As for power testing, unfortunately, there are problems with the TechPowerUp results which were recognized earlier in this thread also by other users, but have never been addressed. This is better understood with a diagram, see below.







The i9 from the TPU review had scores decreasing linearly with power. Furthermore, efficiency (score/watt) barely increased with decreasing power limit.
The Club386 results on the other hand, although they provide only a few data points in total, roughly follow the expected power-performance curve.




kraiggers said:


> And, how does the performance of the chips change when PL1 is different than PL2? Say, when PL1=90w (like in the oem HP)? Maybe that doesn't matter since all three are set at the same PL1=90?



Difficult to predict performance when PL2 and PL1 are both used and CPU power can be temperature-limited. The CPU will run for a while at PL2 (or the highest it can up to PL2, depending on operating conditions), then continue processing at PL1. Most online reviews try instead to run the CPU at a constant power level.



kraiggers said:


> Second — and I guess related to what I wrote above — what are there thermal differences between the three chips (i5k, i7k, i9k) when run *at the same power levels*? Or, another way, can the i7k run at a higher power level holding heat constant? (I'm not even sure whether that would be PL1, PL2, or both?)



Assuming the same cooling efficiency and architecture, the chip with the larger amount of cores for the same amount of power should run at lower temperatures, since heat density will be lower (distributed over a larger surface area).



kraiggers said:


> The throttled 190w i9k _system_ is consuming _more power_ than the stock 190w i7k _system_, even when the chip is set at the same 190w power level.
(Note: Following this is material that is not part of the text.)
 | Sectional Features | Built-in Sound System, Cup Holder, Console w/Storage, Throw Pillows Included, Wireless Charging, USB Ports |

That's interesting, and honestly, unexpected? Doesn't that undercut the whole idea of power limiting?



The stock i7-12700K with default PL2=190W doesn't actually reach 190W (package power) during rendering benchmarks, but more like 165-175W depending on voltage settings and silicon quality. This is probably why the i9-12900K limited to 190W has a higher system consumption.

Also, most stock i9-12900K CPUs probably won't actually reach 241W during a Cinebench R23 run either, but stop at a somewhat lower level.



kraiggers said:


> I'm left with the gut feeling that while an i9k might be as fast or faster than an i7k at a constant power level, it will also (inexplicably?!) consume more system power and be hotter. I would like to hold the thermal limit constant, and then see what kind of performance the chips would give. If my inferences are vaguely right, then the i9k would be (slightly?) more throttled than the i7k, and that might erode the performance advantage we see at constant power levels?
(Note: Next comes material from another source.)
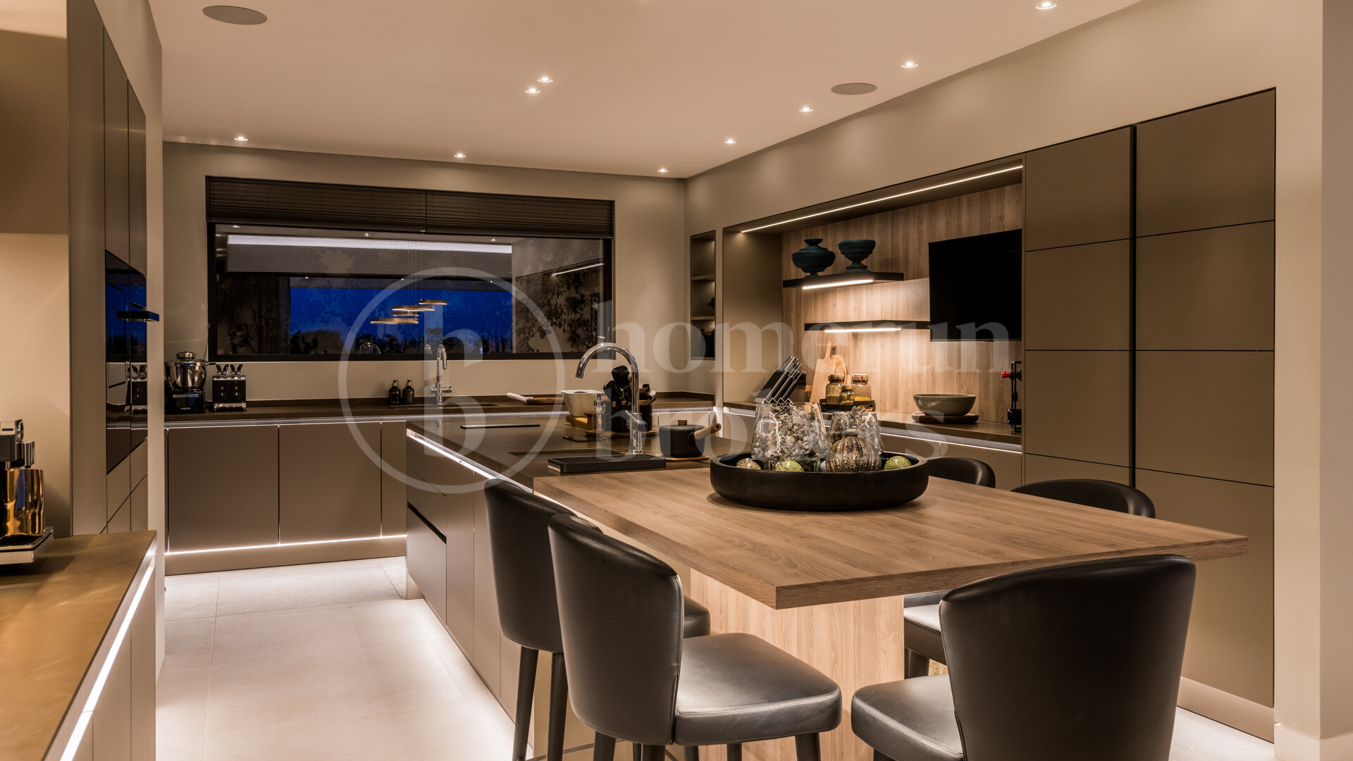 The exterior of Villa Kelly has been designed to reflect calm sophistication. Its landscaped gardens, enhanced by palm trees and ambient lighting, surround the infinity pool, while a Siematic outdoor kitchen and BBQ area create the perfect setting for alfresco dining. For cooler evenings, a second firepit area adds warmth and atmosphere.

I don't see good reasons why a somewhat larger CPU (just 4 more E-cores) of the same architecture should be hotter at the same power draw, if all other variables (cooler, motherboard) are kept the same.

From my own testing, throttling (of any kind) apparently has a very slight effect on CPU efficiency in the order 1% or so compared to the unthrottled CPU running at the same power level, it's basically within error margins. 

The only way throttling can seriously affect CPU efficiency and performance is if temperatures cannot be decreased anymore by lowering voltages and frequencies. At that point clock modulation is introduced and the CPU runs at a 25% duty cycle. However, I haven't managed to see that happening on my own system, not even after disabling the CPU fan and letting it run a rendering test continuously while getting severely temperature-throttled. I guess it will require frequency to first drop to the minimum level.



kraiggers said:


> And to bring it back around to the little HP SFF, the i7k stock is set to PL1=90 and PL2=190. The stock i9k is set to 90, 241. If I understand what PL1 does, both of those chips would be throttled down significantly under load to 90w. Which would generate-steady state temps well under 60C (I think?). But the i7k would be able to go *longer* at the PL2 because it is overall a cooler chip than i9k at constant power…?



The i7k isn't and shouldn't be an inherently cooler chip at the same power.



kraiggers said:


> Might that explain what we see in the LTT video re. i7k outperforming the i9k?



I doubt it.


----------



## kraiggers (Nov 13, 2022)

Solid State Brain said:


> Assuming the same cooling efficiency and architecture, the chip with the larger amount of cores for the same amount of power should run at lower temperatures, since heat density will be lower (distributed over a larger surface area).





Solid State Brain said:


> I don't see good reasons why a somewhat larger CPU (just 4 more E-cores) of the same architecture should be hotter at the same power draw, if all other variables (cooler, motherboard) are kept the same.





Solid State Brain said:


> The i7k isn't and shouldn't be an inherently cooler chip at the same power.



First, thanks for your time and consideration!  I really appreciate your thoughts on this topic.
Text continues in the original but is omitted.